Central Coast Council is working through a sprawling cleanup of duplicate images embedded across its property, development application and community engagement platforms — a problem that traces its roots directly to the rushed 2016 merger of Gosford City Council and Wyong Shire Council, and one that has quietly complicated planning decisions ever since.
The issue matters now because the Council is mid-way through a multi-year digital transformation program that underpins everything from the Gosford CBD renewal strategy to the flood mapping updates being rolled out across low-lying suburbs near Tuggerah Lake and the Entrance. If the underlying image assets feeding those public-facing systems are duplicated, mislinked or misattributed, the practical consequence is that residents, developers and planners can be looking at the wrong reference photograph for a given site — sometimes a property photograph taken years before demolition or subdivision.
Two Councils, Two Systems, One Unresolved Mess
When the NSW Government forced the merger of Gosford and Wyong in May 2016, the two councils brought with them entirely separate content management systems, separate asset registers and separate conventions for tagging and storing images tied to development applications. Neither system was designed to talk to the other. The amalgamation created a single organisation overnight, but the digital back-end remained essentially two separate archives stitched together under one login portal.
The problem compounded during the period between 2020 and 2022 when the Council was placed under state administration following a financial crisis that left it carrying a debt load that administrators later described in public documents as unsustainable. During that period, investment in digital infrastructure was deprioritised as administrators focused on stabilising the balance sheet. Routine image auditing — matching photographs to current property records and purging outdated or duplicated files — largely stopped.
By the time elected councillors returned in December 2021, the backlog was significant.
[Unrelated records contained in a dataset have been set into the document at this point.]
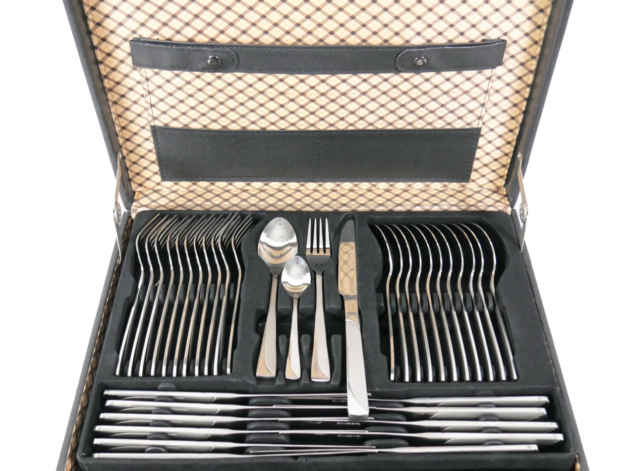Quantité : 72 pièces acier inoxydable ( inox 18/10 ) pour 12 personnes passe au lave-vaisselle. Composition :12 couteau – Fourche 12 , 12 fourchettes à dessert, 12 cuillères; 12 cuillères à café, 1 louche, 1 louche à sauce, 2 couverts à salade, 2 Fourchette à viande 1 cuillère à glace, 1 cuillère à sucre, 1 pince à sucre, 1 pelle à tarte, 2 cuillère de service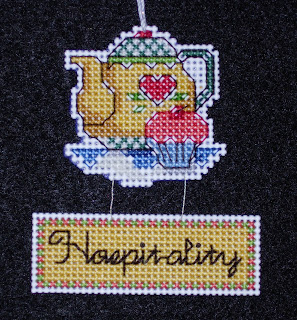 (This was already posted to the blog back in September, but I figured I may as well include it so folks could see the whole set together.) This teapot pattern, as well as the pattern for the letters, comes from Better Homes and Gardens 2001 Cross Stitch Designs. The ornament is stitched on 14-count Darice white plastic canvas.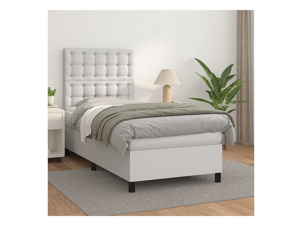 Sommier à lattes de lit avec matelas Blanc 90x200 Similicuir

Properties along Mann Street in Gosford, around the Tuggerah Business Park precinct, and within the Wyong Town Centre renewal corridor all feature in internal working documents as areas where duplicate or mismatched images have been identified, according to Council agenda papers published on the authority's website.
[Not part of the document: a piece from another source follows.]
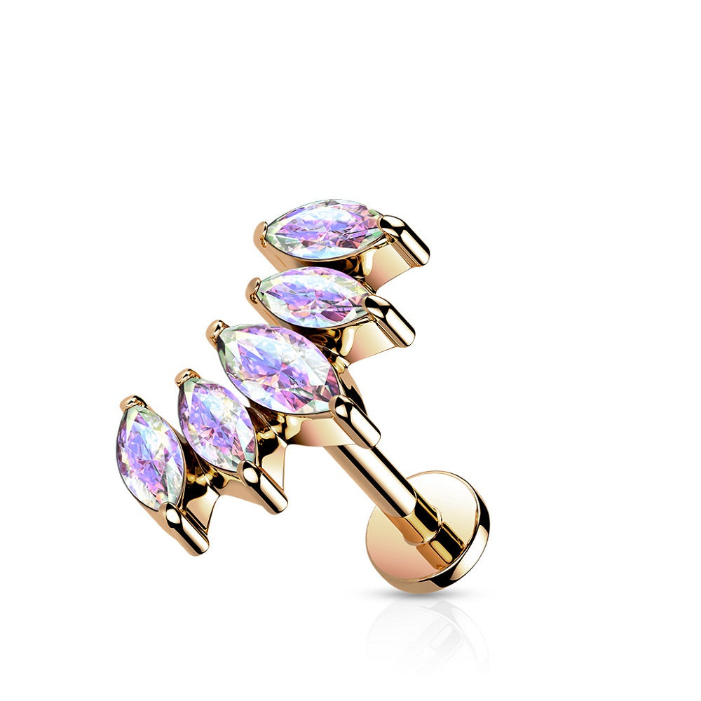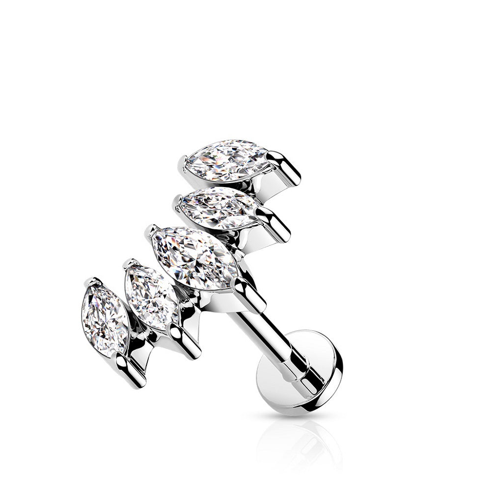 Internally Threaded 5 CZ Marquise Fan Set Curved Top Stud - Surgical Steel

What a Duplicate Image Actually Does to a DA
For most residents, a duplicate image sounds like a minor administrative nuisance. For a development application, it can be more consequential. A planning officer assessing a DA for a site on Donnison Street in Gosford, for example, relies on reference imagery to understand existing structures, setbacks and streetscape context. If two conflicting images are tagged to the same cadastral parcel — one current, one five years old showing a building that has since been demolished — the assessment record carries an error from the outset.
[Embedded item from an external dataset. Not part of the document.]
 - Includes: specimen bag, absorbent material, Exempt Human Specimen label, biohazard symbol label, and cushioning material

Council moved in 2024 to consolidate its content platform under a single vendor as part of its broader technology refresh, with the full migration initially targeted for completion before the end of the 2025–26 financial year. The duplicate image remediation work sits inside that migration project. As of the most recent publicly available Council business paper, the remediation phase was described as ongoing, with prioritisation given to parcels that have active development applications or are within the Gosford Revitalisation precinct boundary.
The timing intersects with genuine pressure on the local planning system. Central Coast remains one of the most active property markets outside metropolitan Sydney, driven by buyers priced out of the city who are willing to accept the roughly 90-minute commute from Gosford station. More DAs mean more pressure on accurate underlying records.
Residents with development applications pending — particularly those in the Gosford CBD catchment, the Warnervale growth corridor or the Hamlyn Terrace residential estates — should check with Council's planning counter that the imagery attached to their DA file reflects current site conditions. Council's customer service team operates out of the Wyong Road offices and can flag any image discrepancies for correction before assessment proceeds. Getting that check done early is considerably less painful than discovering an error once an assessment is already underway.